Spectral-Galerkin Approximation and Optimal Error Estimate for Stokes Eigenvalue Problems in Polar Geometries

TL;DR

This paper develops spectral-Galerkin methods for Stokes eigenvalue problems in polar geometries, providing optimal error estimates and extending the approach to elliptic domains, validated by numerical experiments.

Contribution

It introduces a novel spectral-Galerkin approach with weighted Sobolev spaces for polar geometries and derives optimal error bounds for both circular and elliptic domains.

Findings

Optimal error estimates for eigenvalues in polar geometries

Parallelizable reduction to one-dimensional problems

Numerical validation of theoretical results

Abstract

In this paper we propose and analyze spectral-Galerkin methods for the Stokes eigenvalue problem based on the stream function formulation in polar geometries.

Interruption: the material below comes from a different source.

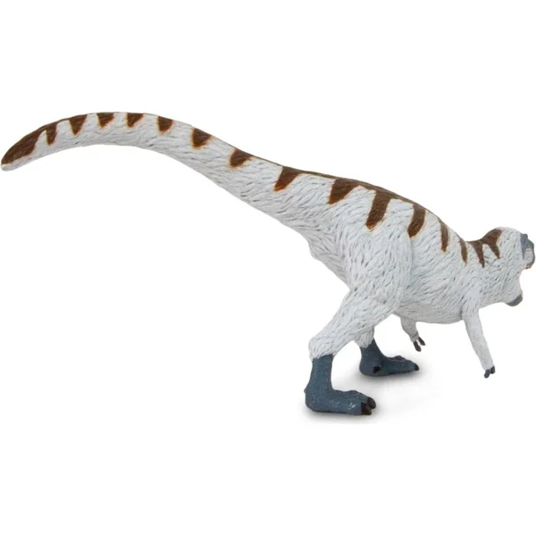 Cette figurine de Nanuqsaurus a un pelage isolant en plumes sculptées et une pose dynamique. Sa peau exposée a une couleur bleu-gris mate et ses plumes sont blanches avec une bande brune sur le dos.

We first analyze the stream function} formulated fourth-order equation under the polar coordinates, then we derive the pole condition and reduce the problem on a circular disk to a sequence of equivalent one-dimensional eigenvalue problems that can be solved in parallel. The novelty of our approach lies in the construction} of suitably weighted Sobolev spaces according to the pole conditions, based on which, the optimal error estimate for approximated eigenvalue of each one dimensional problem can be obtained. Further, we extend our method to the non-separable Stokes eigenvalue problem in an elliptic domain and establish the optimal error bounds. Finally, we provide some numerical experiments to validate our theoretical results and algorithms.